ASSIGNMENT: Copy each line below that includes "with".

DATA PROVIDED:
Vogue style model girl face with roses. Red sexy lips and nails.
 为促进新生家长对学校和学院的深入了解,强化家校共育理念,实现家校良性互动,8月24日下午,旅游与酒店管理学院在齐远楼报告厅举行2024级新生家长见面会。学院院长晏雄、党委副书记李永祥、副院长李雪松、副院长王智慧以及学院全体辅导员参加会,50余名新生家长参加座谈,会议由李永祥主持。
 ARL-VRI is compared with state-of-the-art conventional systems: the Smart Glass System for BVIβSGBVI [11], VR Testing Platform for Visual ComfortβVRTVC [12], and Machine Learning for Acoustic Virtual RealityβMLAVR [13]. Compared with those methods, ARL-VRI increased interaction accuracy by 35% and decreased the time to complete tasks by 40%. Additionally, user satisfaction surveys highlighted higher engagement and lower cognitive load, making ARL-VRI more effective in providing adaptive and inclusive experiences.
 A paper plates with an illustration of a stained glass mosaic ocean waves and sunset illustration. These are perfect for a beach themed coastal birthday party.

---

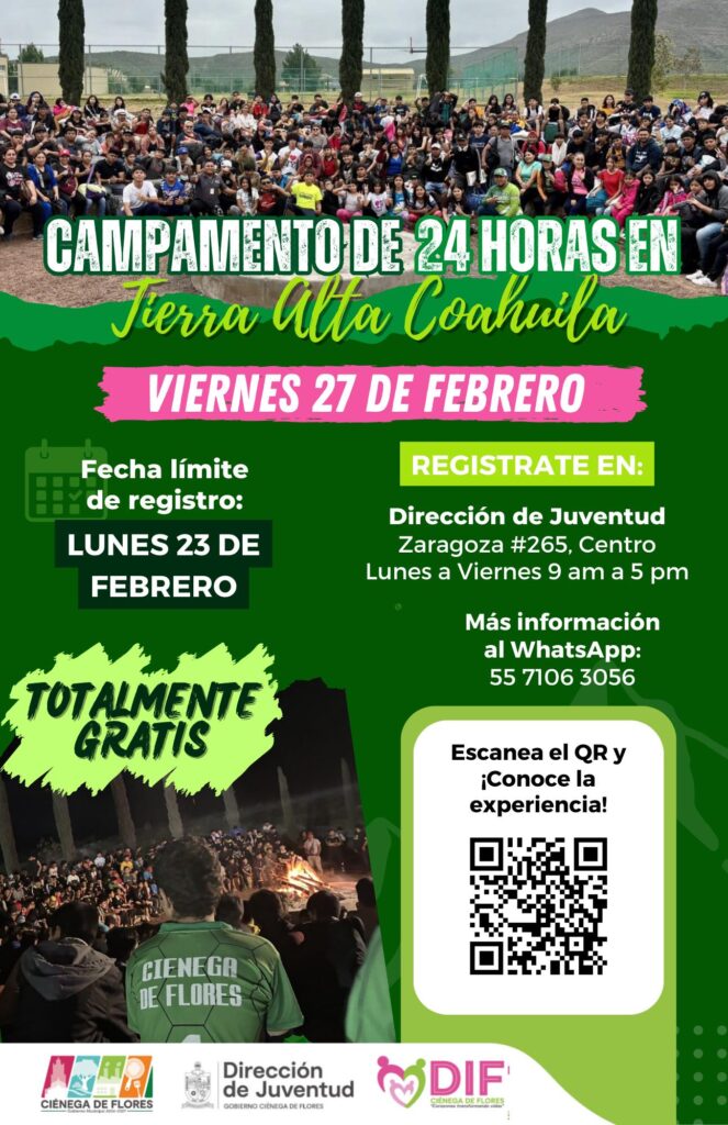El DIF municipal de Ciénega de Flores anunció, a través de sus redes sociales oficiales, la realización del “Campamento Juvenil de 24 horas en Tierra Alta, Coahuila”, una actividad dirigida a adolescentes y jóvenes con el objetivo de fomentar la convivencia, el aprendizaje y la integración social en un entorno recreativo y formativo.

FINISHED TASK:
Vogue style model girl face with roses. Red sexy lips and nails.
 ARL-VRI is compared with state-of-the-art conventional systems: the Smart Glass System for BVIβSGBVI [11], VR Testing Platform for Visual ComfortβVRTVC [12], and Machine Learning for Acoustic Virtual RealityβMLAVR [13]. Compared with those methods, ARL-VRI increased interaction accuracy by 35% and decreased the time to complete tasks by 40%. Additionally, user satisfaction surveys highlighted higher engagement and lower cognitive load, making ARL-VRI more effective in providing adaptive and inclusive experiences.
 A paper plates with an illustration of a stained glass mosaic ocean waves and sunset illustration. These are perfect for a beach themed coastal birthday party.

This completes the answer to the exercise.